The lengthily titled Farfromwords: car mirrors eat raspberries when swimming through the sun, to swallow sweet smells is the result of Laure Prouvost’s residency in Italy as the fourth recipient of the Max Mara Art Prize for Women. Swallow (all works 2013), the central video of this two-part installation, is a meditation on pleasure, seen through the eyes of a hypothetical aesthete on the Grand Tour. Housed within a panoramic grotto of photographic collages that echo its Arcadian location, the film places us somewhere in Italy, by a secluded pond, and the images come at us quickly, as though designed to induce Stendhal syndrome: nude women bathing; raspberries crushed underfoot; a breast pushed into a peeled fig; a pineapple emerging from the water, Excalibur-style; fleeting shots of birds; cutaways to shirtless youths; palm fronds waving against azure sky.
The goal, perhaps, is to offer pleasurable images rather than images of pleasure: it’s their unfolding that pleases, not what they depict.

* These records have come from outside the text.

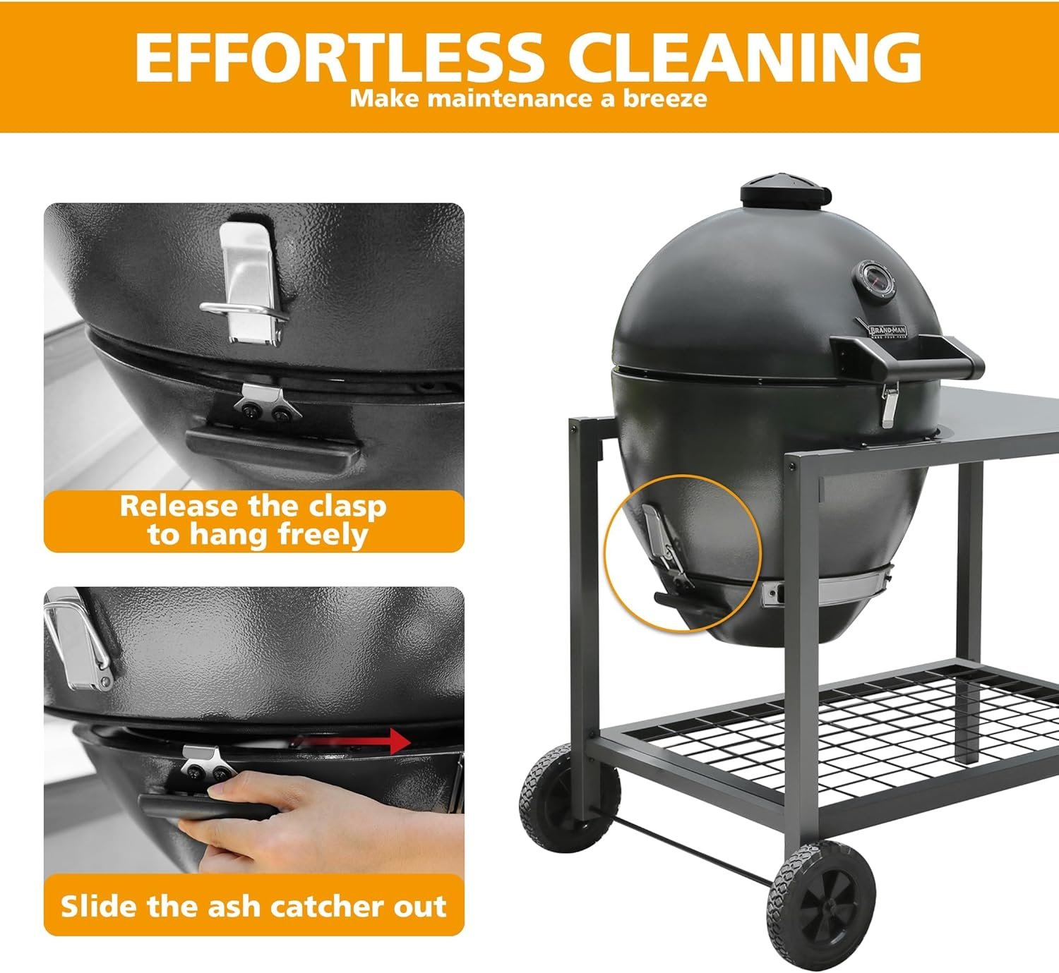 EASY TO CLEAN: The enamel-coated lid is designed for durability and effortless cleaning, simplifying daily maintenance and post-grilling one-step cleanup with the Ash Removal Tray
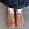 Sheepskin version of the new woven hollow bag head half slippers women's summer wear flat bottom square head fashion lazy cool slippers
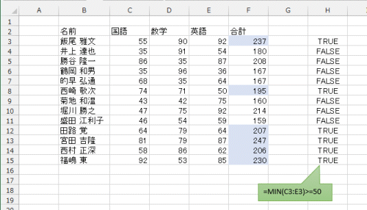 - 説明のために、H列には=MIN(C3:E3)>=50 と入力しています。

This is consolidated aurally, sounds functioning as serifs, crisply completing each shot: the uncorking of a bottle, the snip of scissors, the sharp intakes of breath that punctuate the ten-minute montage. We rarely see anything for more than a second, with Prouvost’s childlike voiceover addressing us sotto voce: “This image is undressing you… You drink this image…” Her laconic commentary has become a signature that some dismiss as French kookiness, but when sparingly used, its cadence augments the character of her image presentation, which is both votive and throwaway. Phrased in the second person, it also anticipates our consumption of the work, making it rhetorically as well as sensorially seductive.

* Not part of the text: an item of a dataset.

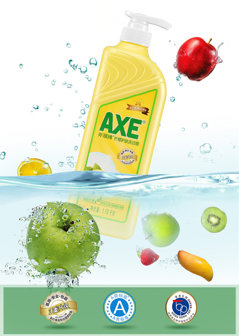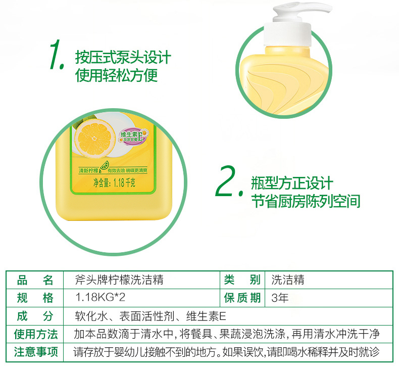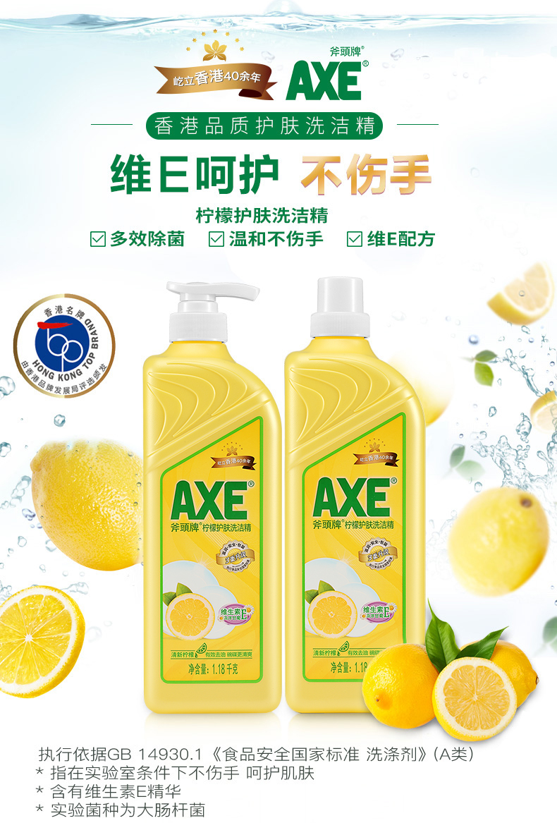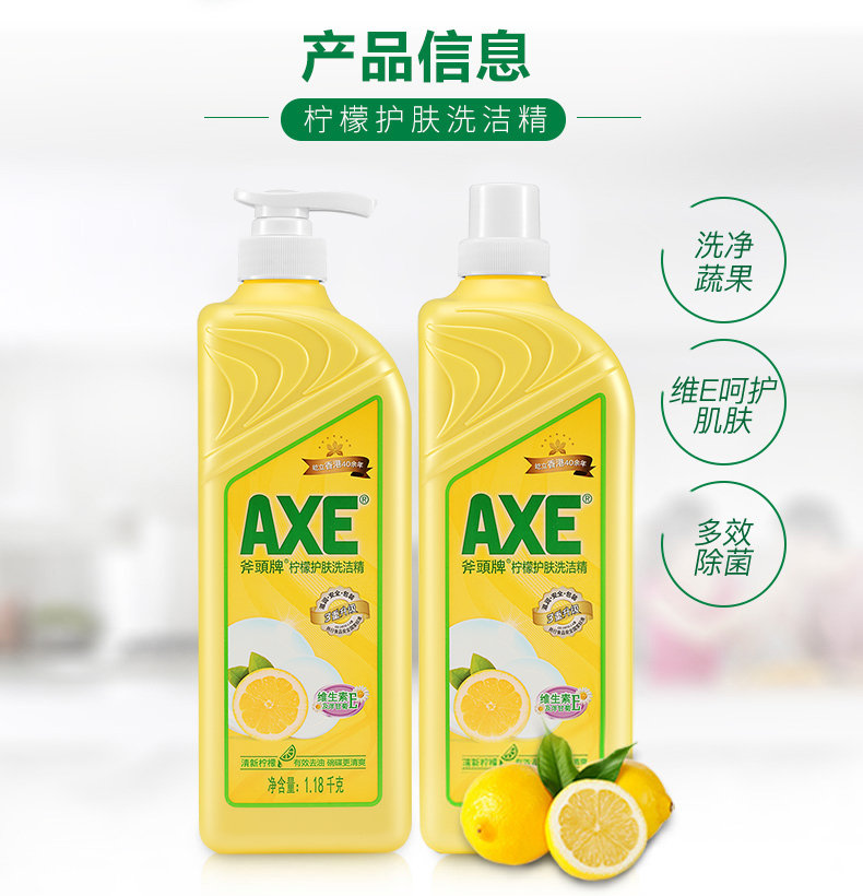 【斧头牌】AXE洗洁精维E护肤1.01kg*2清新柠檬可洗果蔬洗碗厨房清洁

Once you’ve unshelled Farfromwords’s filmic centre, however, the rest feels like a husk. The collaged walls of the grotto, interspersed with plasma screens, do little more than parlay Swallow’s erotic content into something more sexual. The sculptures on the gallery walls (there are ten, all untitled) present raspberries on wing mirrors fixed to scraps of car doors. The show’s prolix title asks us to imagine the fruit being ‘eaten’ by the mirrors. Such animism is better explored through the moving image; sculpture’s dumb literalness negates the alimentary metaphor.

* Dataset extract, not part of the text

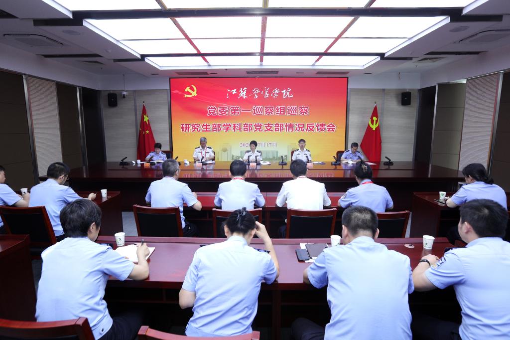 7 月 17 日上午,学院召开第四届党委第一轮巡察情况反馈会。学院党委副书记、巡察工作领导小组副组长陈卫,学院党委委员、纪委书记、省监委派驻监察专员、巡察工作领导小组副组长殷其新出席会议并讲话。党委第一巡察组组长孙伟斌、第二巡察组组长王海群分别向刑事科学技术系党总支、基础课教研部党总支、研究生部学科部党支部、博物馆党支部等 4 个党组织反馈巡察意见,四个被巡察党组织书记分别就做好巡察整改工作作了表态发言。

Six additional works, Untitled (Relics), occupy the rear gallery, each presenting an object on a shelf alongside a caption. Next to an orange we read: ‘Under the skin of the orange the flesh has turned pure gold.’ The fantastical assertion recalls Michael Craig-Martin’s An Oak Tree (1973) – in which the artist claimed to have turned a glass of water into an oak tree – but its fairytale register adds satirical purchase: it’s as though a work of seminal Conceptualism has been workshopped with schoolkids. The Relics suggest interesting developments are afoot, but they are only partially realised here. Prouvost is at her best when seeing the world through a camera; her objects feel like inert props that merely ‘reference’ the films.